体長15センチの「吉熊くん」と同居する独身OLの日常生活

「たったひとりのあなたへ~『蟹工船』 小林多喜二の伝言~」

2010年02月24日 23時59分25秒 | Weblog
会社のロビーに生けられた今週の花。
私の大好きなピンク色のガーベラだ。

昼休み、ロビーに設置された自販機に行く際、写メでパチリ☆
そんな私に、他部署のオサーン社員たちは、
「よ!今日も元気そうだね」
などと声を掛けたりする。

喫煙所では先輩紳士がまたもや不思議な煙草を吸ってらした。

先日はカフェオレフレーバーの煙草だった。
レアな煙草…いったいどこで購入するんだろう。


ちょこっと残業をし、帰宅。
NHK歴史秘話ヒストリア」という番組で、小林多喜二が特集されていた。

私が初めて人の遺体を写真で見たのは、社会の教科書に載っていた小林多喜二のものだ。
拷問の末に亡くなった彼の死体を多くの仲間が取り囲んで見ているあの写真。
白黒の悲しい写真だった。

大学時代の夏休み、ゼミのレポート提出にあたって彼の作品「蟹工船」を読むことになった。重くて苦しい内容だった。その年の夏はずっと暗いものになってしまったのを覚えている。暫くは家にあるカニの缶詰を見る度に「プロレタリア…」と呟いてしまうぐらい、あの頃、お気楽極楽な学生生活をしていた私には強烈すぎる作品だった。

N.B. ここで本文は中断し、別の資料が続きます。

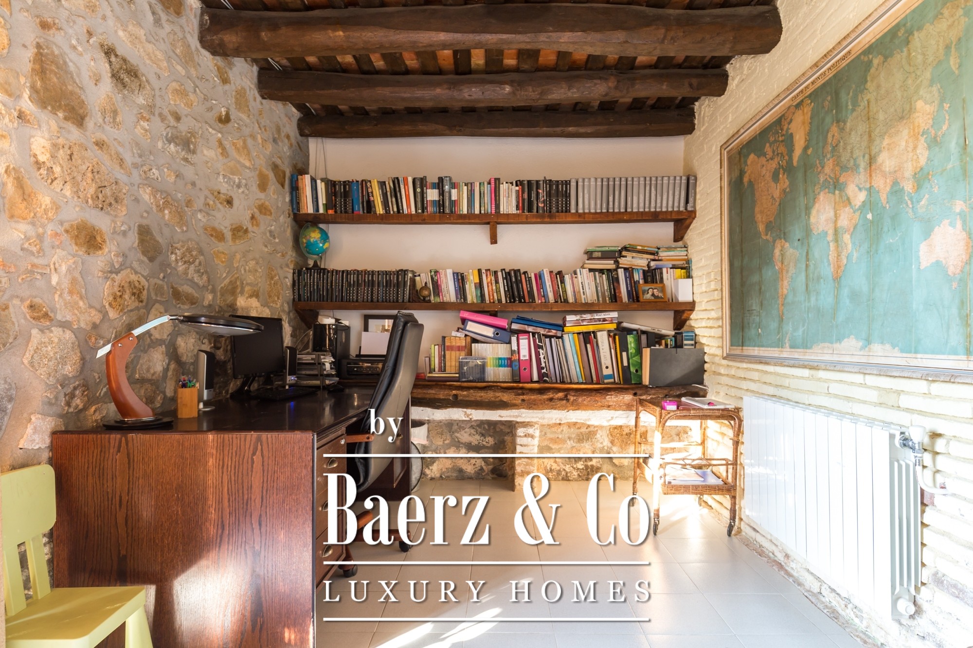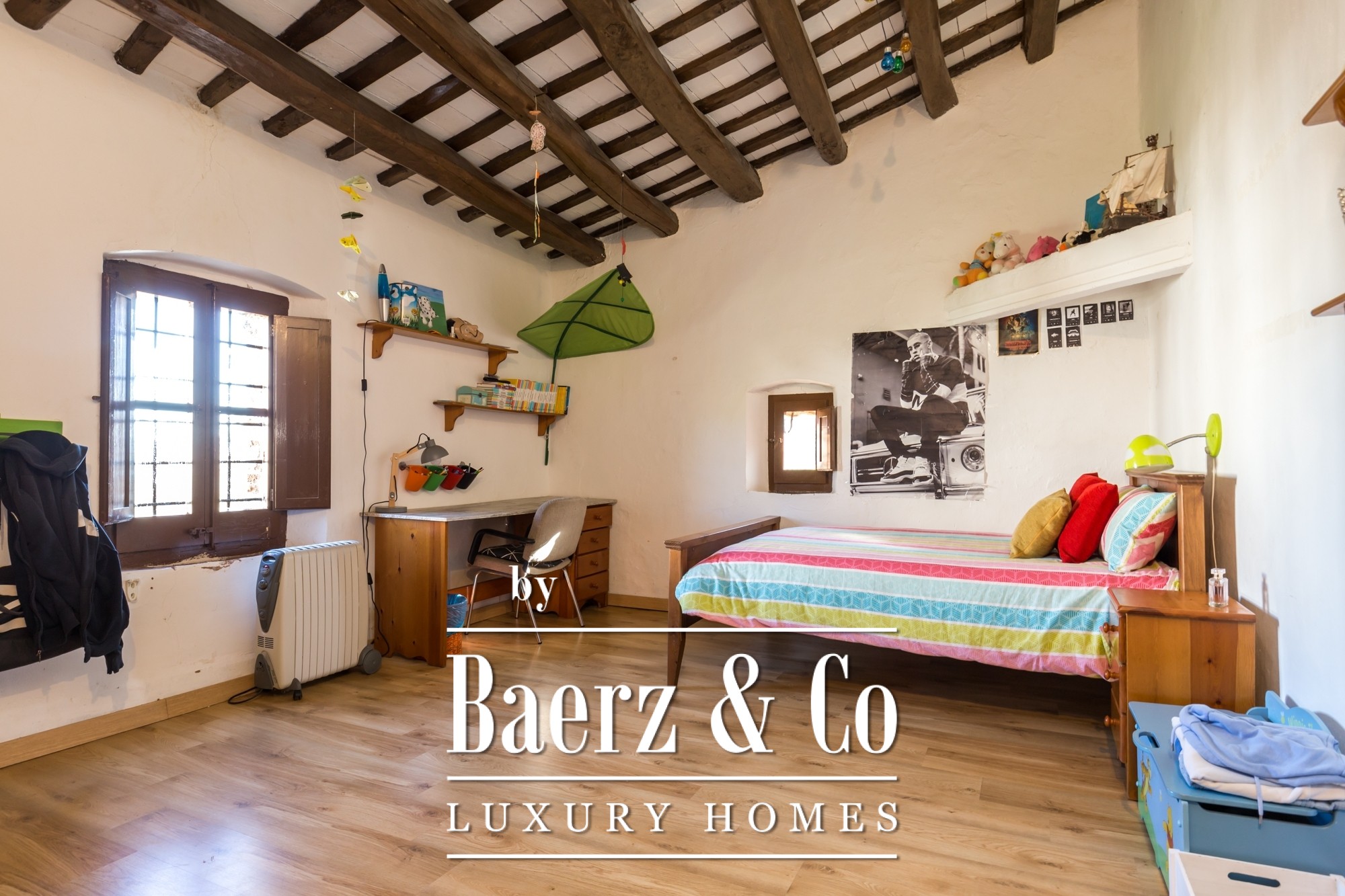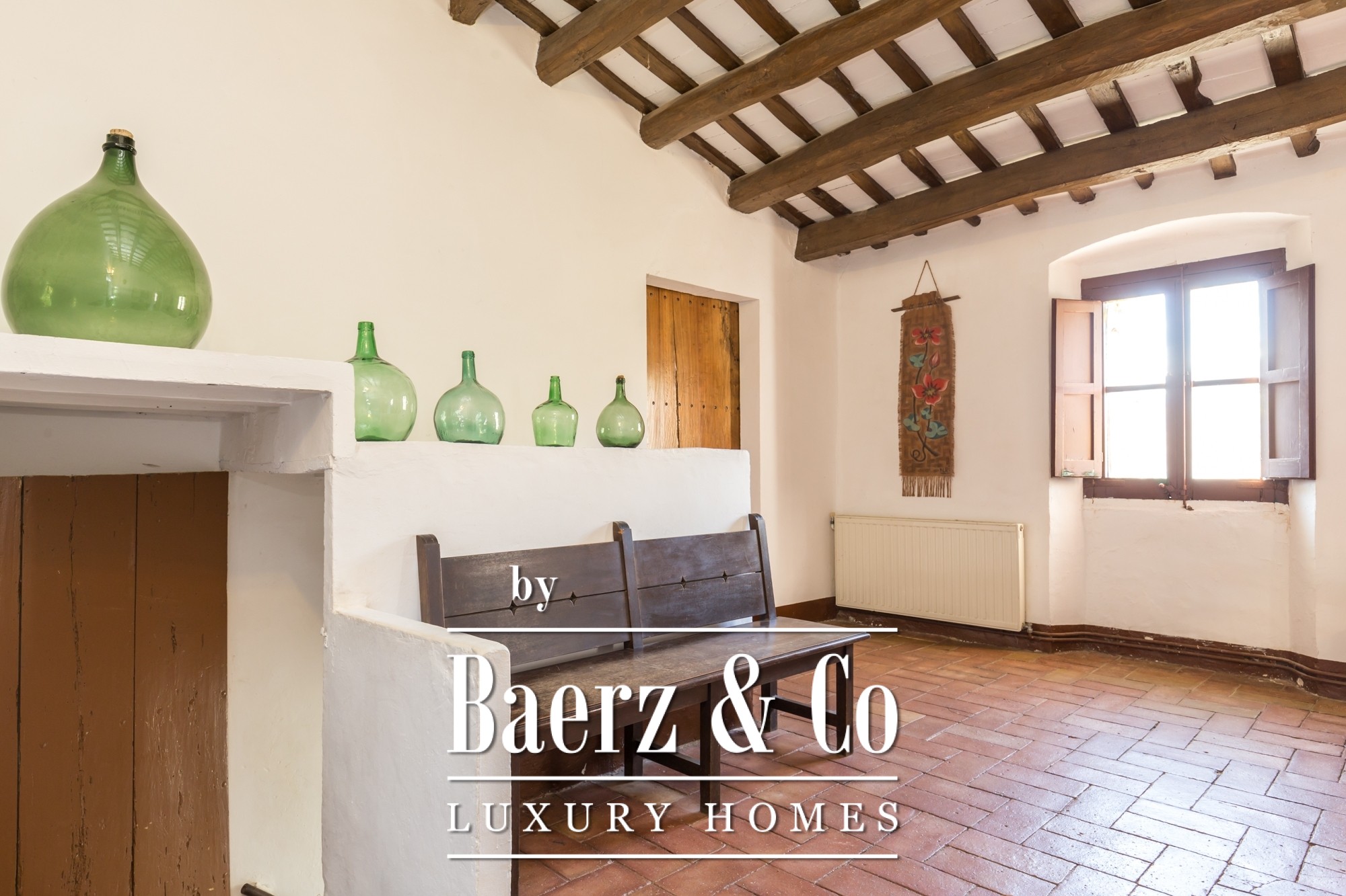 De hoofdwoning beschikt over zeven slaapkamers en vier badkamers. Boven bieden de suites privéterrassen met weids uitzicht. Hoge plafonds, lichte ruimtes en authentieke bouwdetails onderstrepen het historische karakter. Er zijn twee woon- en eetkamers, een royale leefkeuken en een kantoor-bibliotheek aansluitend op een beschutte privétuin. Ruime opslagmogelijkheden en bijgebouwen zorgen voor praktische flexibiliteit.

発表から80年が経過した今、雇用情勢の悪化に伴って「蟹工船」が再びブームになっているらしい。
昨年は映画にもなった。

今日の番組では多喜二の生い立ちから死に至るまでと、今、なぜ「蟹工船」がベストセラーになっているのかということを取上げていた。
思想弾圧の中、自分の主張を曲げることなく社会的弱者を救うために書き続けた多喜二。
酌婦との悲恋話や母子の絆、拓殖銀行のエリートバンカーだったこと、そして社員旅行で楽しそうに写っている多喜二の様子など、大変興味深く観た。そして、号泣。

最近は部長交代があり、だいぶ社風も変わったが、でも自分は会社に宦官されたんだと僅かながらに感じることがある。
社長の言うことは絶対で、「労働者の権利云々なんて考えていません。働けるだけありがたいです」というように、権力に過剰に服従。まるで中国の宦官を施された官吏の精神で働いているところがある。
私に宿っているそんな精神を差し引いても、会社に反旗を翻すことは恐らくこの先、ないと思う。仕事は大変だけれども、ロビーに生けられている花を愛でたり、喫煙所で紫煙をたゆらせながら談笑をする生活が私はやっぱり好きなのだと思う。イヤナコトとイイコトの均衡が上手くとれている毎日だ。給与面では同僚たちと「少ないですよねえ」と話しながら、でも心の中でどこか諦めている。「自分に何ができる?」と自問すると、まあこんなもんかなあ、と。

「蟹工船」を意識せずに生きられることに、感謝せねばならない。